My concern now as then is that we are rushing toward Easter, rushing toward celebration, wanting to scream out at the top of our lungs, “It’s Friday, but Sunday’s coming.”
But the disciples didn’t know from Sunday. Their memory, etched so clearly, was of the life draining out of Jesus’ broken and bloodied body. At worst, rejected Messiah’s were supposed to fade into obscurity, not die a criminal’s death at the hand of the Romans. One by one they disappeared…
We need to feel that.
We need to feel what it meant for him to (a) enter into the human condition, (b) always give preference to others, (c) experience physical death, and (d) have that death be the most excruciating ever devised.
In another essay here I talked about the equally concerning practice of losing the plot on Easter Sunday.
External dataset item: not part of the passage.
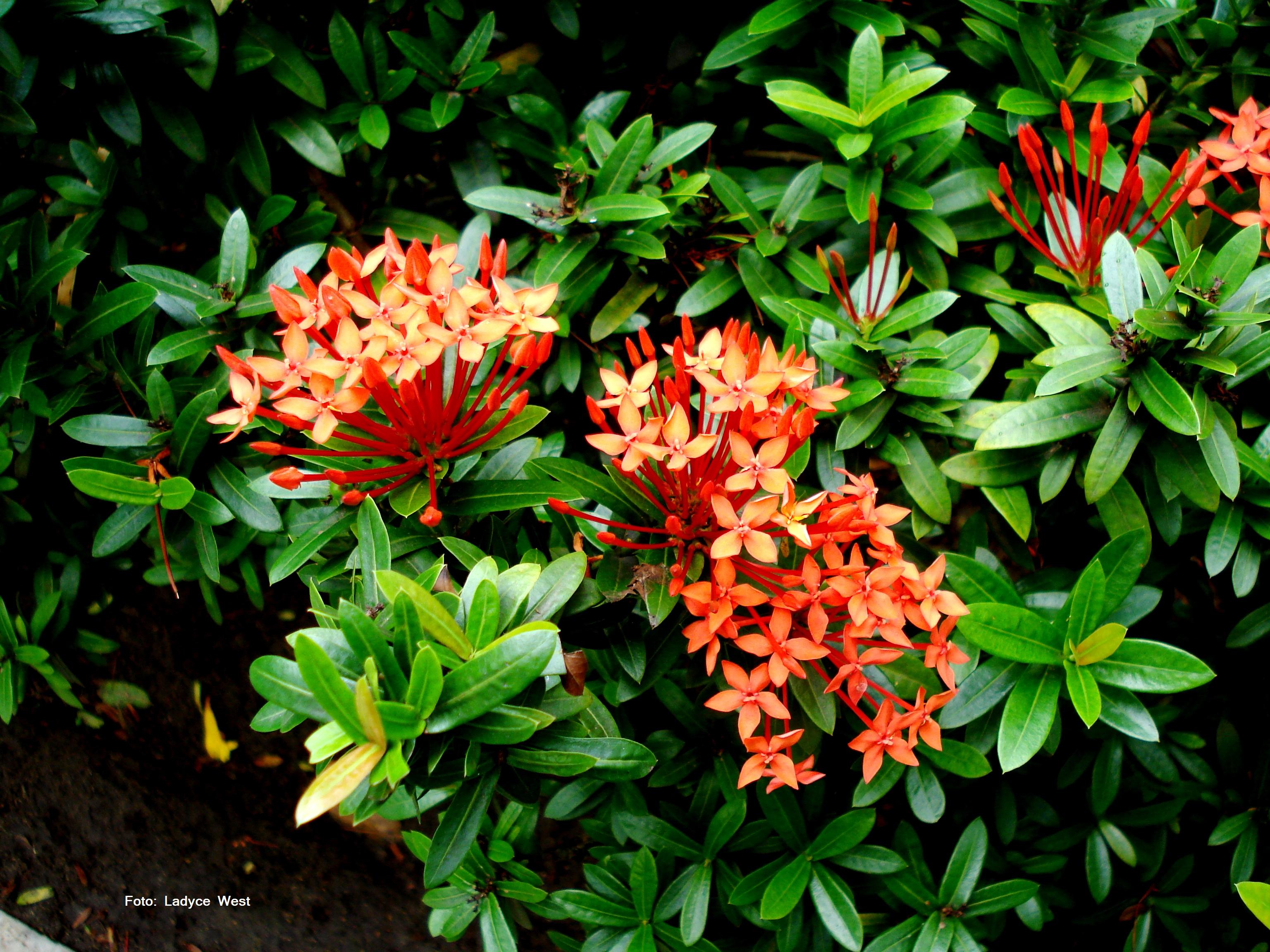 Aqui no meu bairro, no Rio de Janeiro, há uma abundância de jardins de edifícios residenciais floridos o ano inteiro com essa planta que está em todo canto, retratada acima. Alguns a chamam de Alfinete-gigante. Mas é mais conhecida com Ixora-chinesa, ou Ixora-vermelha. Não é uma planta nativa do Brasil. É originária do Extremo Oriente: Malásia e China. É planta asiática tropical, da família das Rubiaceae. Por isso se dá tão bem no clima carioca.

My own thoughts that day included a study of songs churches in the U.S. had used:
[I]t’s amazing to see the difference between the worship leaders who really focused on the death and resurrection of Christ, and those who simply did the songs that are currently popular, or the songs they were going to do anyway before Easter “got in the way.”
…there seems little room for critical evaluation here.
The one that really got me was the church that went ahead with a sermon series acknowledging that it had nothing to do with Easter.
So returning to Good Friday, here is my manifesto:
- We need to set a tone at the very beginning of the service; allow a ‘holy hush’ to come over the crowd.
- We should then incorporate other silences throughout the service.
- As far as possible, every word spoken should be planned. We need to borrow from our Episcopalian friends for this service.
- We need agreement from participants on what we will not do. No, “It’s good to see everyone;” no “It’s finally warming up outside;” no “We do this in anticipation of Sunday;” or the worst, “I hope you all found a place to park.”
- If your service is interdenominational or has many participants, do not introduce people at all, i.e. “And now Delores Jones from Central Methodist will favor us with a solo accompanied by her husband Derek.” Don’t waste words.
- We need to skip the final verses of some hymns or modern worship songs if they resolve with resurrection. We need to immerse ourselves in the moment.
- If your church uses a printed program, consider the idea of the congregation whose Good Friday bulletin cover was simply a folded piece of black construction paper. In other words, use other media to reinforce what is taking place at the front, and remove things hanging in the sanctuary that might be a distraction.
- No matter how big the crowd, and how tempting this makes it, don’t use Good Friday as a fundraiser for a church or community project.
- Preaching needs to be Christological. This would seem obvious, but sometimes it’s not. It’s not about us, except insofar as he suffered and died for us.
- That said, we also need to be Evangelical. What a wonderful day for someone to stand at the level ground of the cross and look into the eyes of a loving Savior who says, ‘I do this for you;’ and then have an opportunity to respond to the finished work on the cross.
Finally, if your church doesn’t do Good Friday, consider starting it. I worship between two small towns which both have an annual interdenominational morning service, but several years ago, my wife’s worship ministry did a Good Friday evening service and over a hundred people attended. She assembled worship songs, solos, video clips, readings and had a local pastor do a ten minute homily. It will forever be one of my favorite, most cross-focused Good Friday events, even though I was busied with the planning and running of it.